◆ YOUR ASSIGNMENT: Write out each record exactly as given, but do not include the pictures.

____

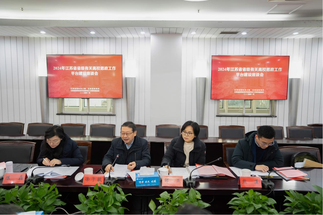 1月25日,2024年江苏省省级有关高校思想政治工作平台建设座谈会在我校举行。省教育厅一级巡视员徐子敏,南京工业大学党委常委、副校长刘大卫,苏州大学党委常委、副校长查佐明,南通大学党委常委、副校长吉明明,开运体育平台官方网站党委常委、副校长任旭东,南京师范大学党委常委、宣传部部长宋喆,省教育厅社政处处长邹燕、一级主任科员陈磊、挂职干部熊潇,以及省网络思政中心(易班中心)、8个省级高校辅导员培训与研修基地负责人参加座谈会。
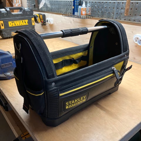 Tasken har flere lommer og rum til opbevaring af værktøj, med robust lynlås og håndtag.
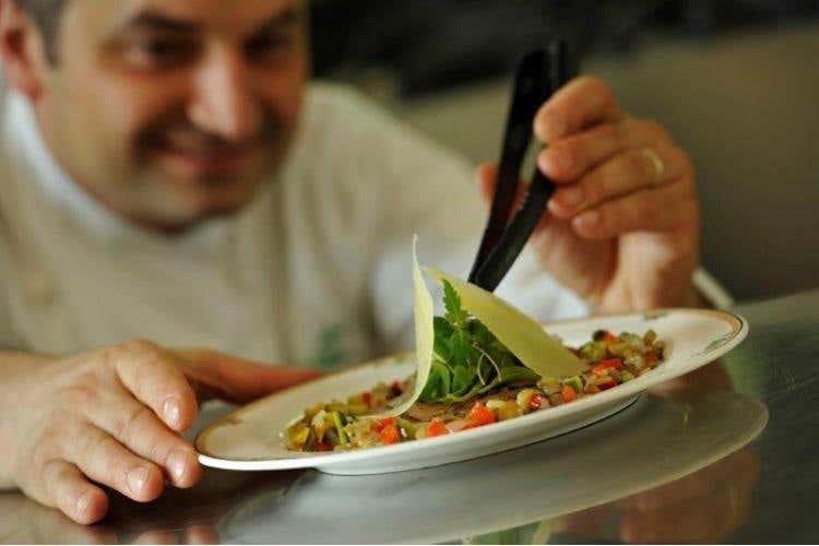 Egrave; il suo menu a rendere l'ideala delal sua cicina. Si va daq puro territorio come il “coniglio all’olio, salame, uovo, barba del prete e pancetta croccante”, ad una “tagliata di manzo wagyu”, direttamente dal Giappone. Ciò che unisce i piatti è però
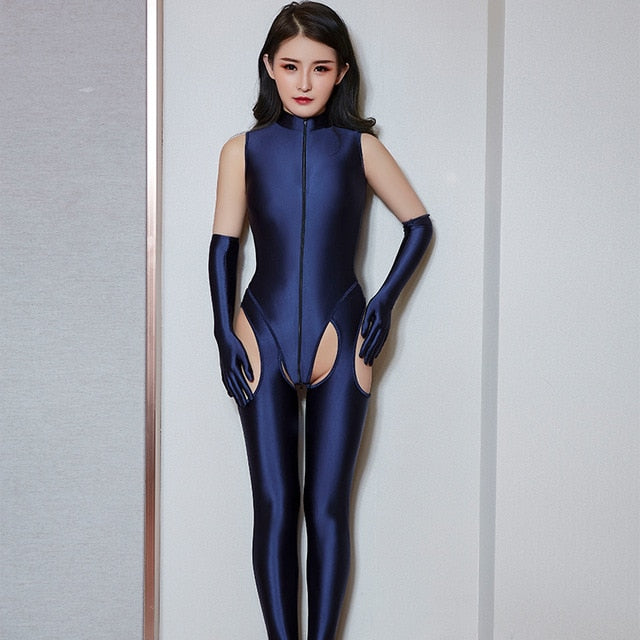 This set includes a bodysuit, pants, and gloves. The bodysuit comes in a sleeveless style with front zipper closure. The pant has hollow-out and low waist style and the gloves will complete your look.
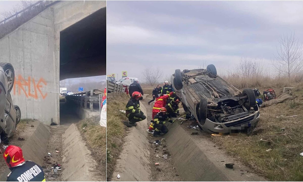 Când au ajuns la fața locului pompierii militari au găsit autoturismul răsturnat în apropierea unui pod. La volan se afla o tânără de 29 de ani, în stop cardio respirator și inconștientă.

____

◆ EXERCISE RESULT:
 1月25日,2024年江苏省省级有关高校思想政治工作平台建设座谈会在我校举行。省教育厅一级巡视员徐子敏,南京工业大学党委常委、副校长刘大卫,苏州大学党委常委、副校长查佐明,南通大学党委常委、副校长吉明明,开运体育平台官方网站党委常委、副校长任旭东,南京师范大学党委常委、宣传部部长宋喆,省教育厅社政处处长邹燕、一级主任科员陈磊、挂职干部熊潇,以及省网络思政中心(易班中心)、8个省级高校辅导员培训与研修基地负责人参加座谈会。
 Tasken har flere lommer og rum til opbevaring af værktøj, med robust lynlås og håndtag.
 Egrave; il suo menu a rendere l'ideala delal sua cicina. Si va daq puro territorio come il “coniglio all’olio, salame, uovo, barba del prete e pancetta croccante”, ad una “tagliata di manzo wagyu”, direttamente dal Giappone. Ciò che unisce i piatti è però
 This set includes a bodysuit, pants, and gloves. The bodysuit comes in a sleeveless style with front zipper closure. The pant has hollow-out and low waist style and the gloves will complete your look.
 Când au ajuns la fața locului pompierii militari au găsit autoturismul răsturnat în apropierea unui pod. La volan se afla o tânără de 29 de ani, în stop cardio respirator și inconștientă.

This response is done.